Testing domain != UMA_ANYDOMAIN here would avoid a memory dereference and be no less clear.

Aside from my question about whether imin and imax should be reset, I think that this is change is correct and complete.

markj added inline comments.
sys/vm/uma_core.c
899–906

Wouldn't resetting imin = imax = nitems effectively just throw away the history accumulated since the last update to wss? That could deflate the moving average.

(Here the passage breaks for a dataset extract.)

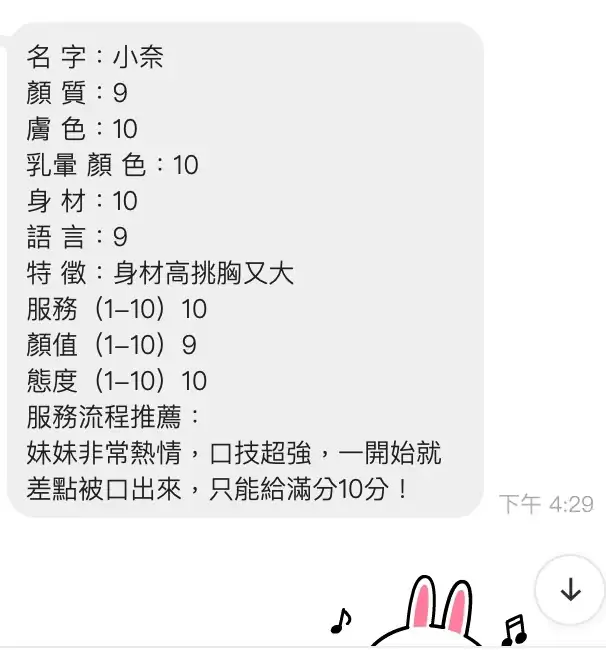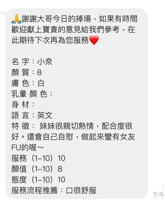 可配合 :奶砲,按摩,69,殘廢澡,LG(舌吻)依氣氛衛生而定,可親嘴,無套吹,口爆,品鮑,舔蛋,奶推,屁推,冰火,浴中蕭,變裝(自備免付),絲襪(自備免付),自慰秀,中文溝通,快餐,2S

Could we, instead of freeing nitems - wss items when trimming, free MIN(imin, nitems - wss) items, and subtract the number of reclaimed items from both imin and imax so that all three of imin, imax and nitems are shifted by the same amount? Suppose imax - imin < wss. Then nitems - imin < wss, so nitems - wss < imin and we'll get the same reclamation target as before. Now suppose imax - imin >= wss, i.e., the WSS estimate for the cache will grow upon its next update. If we free only imin items in this case, we're ignoring the history of the WSS estimate before the most recent update, but I don't think that that's unreasonable: with the current patch we're ignoring the WSS estimate for the current interval, which is undesirable if the average of the estimate is growing. Moreover, if imax - imin is close to wss, then nitems - wss will be close to imin, so the WSS estimate would have to be growing by a large amount for the proposed change to have a significant effect.

In D16666#360462, @alc wrote:

Aside from my question about whether imin and imax should be reset, I think that this is change is correct and complete.

FWIW, I'm planning on waiting until head thaws before committing this.

  • Apply some review feedback.
sys/vm/uma_core.c
550

.There isn't much of a rationale for the specific weights here. I was thinking about the long (20s) update period relative to the lowmem period of 10s. I do agree that the estimate decays perhaps too quickly, and would consider giving more weight to the tail. I haven't been able to come up with workloads where the difference is measurable, though.

I would suggest saying these things explicitly in the comment at the head of the function.

899–906

Wouldn't resetting imin = imax = nitems effectively just throw away the history accumulated since the last update to wss? That could deflate the moving average.

Briefly, yes. However, given the long time period between wss updates, I would expect them to reconverge before the next wss update.

Essentially, my earlier comment pointed out a calculation error that can arise in one direction, resulting in a too large wss estimate. And, your followup points out an error that can arise in the other direction, leading to a too small wss estimate, if we reset the counts. I think that the difference between these two calculation errors is that the first will persist until the end of the time period and the second will likely disappear before the end of the time period.

Could we, instead of freeing nitems - wss items when trimming, free MIN(imin, nitems - wss) items, and subtract the number of reclaimed items from both imin and imax so that all three of imin, imax and nitems are shifted by the same amount?

Yes, I like this much better. Do it. In particular, when the wss is growing, I think that ignoring the historical average is sound practice. Once you've done this, I would probably change the moving average calculation to be a more conventional (wss + 4 * zdom->uzd_wss) / 5.

My current patchset for UMA has something similar. I also have zone_put_bucket() although named differently, to keep accounting of all items for a zone in buckets. So this change goes in line with my changes. At Netflix we also run the vm_page_cache zone with certain bucket limit, instead of no buckets at all.

My current patchset for UMA has something similar. I also have zone_put_bucket() although named differently, to keep accounting of all items for a zone in buckets. So this change goes in line with my changes. At Netflix we also run the vm_page_cache zone with certain bucket limit, instead of no buckets at all.

Ok. I plan to get back to this soon, I just deferred it during the code freeze. Do you have any objection to committing my version?

markj added inline comments.
sys/vm/uma_core.c
899–906

(This discussion really applies to D16667 and will be handled there.)

This revision was not accepted when it landed; it landed in state Needs Review.Nov 13 2018, 7:45 PM
This revision was automatically updated to reflect the committed changes.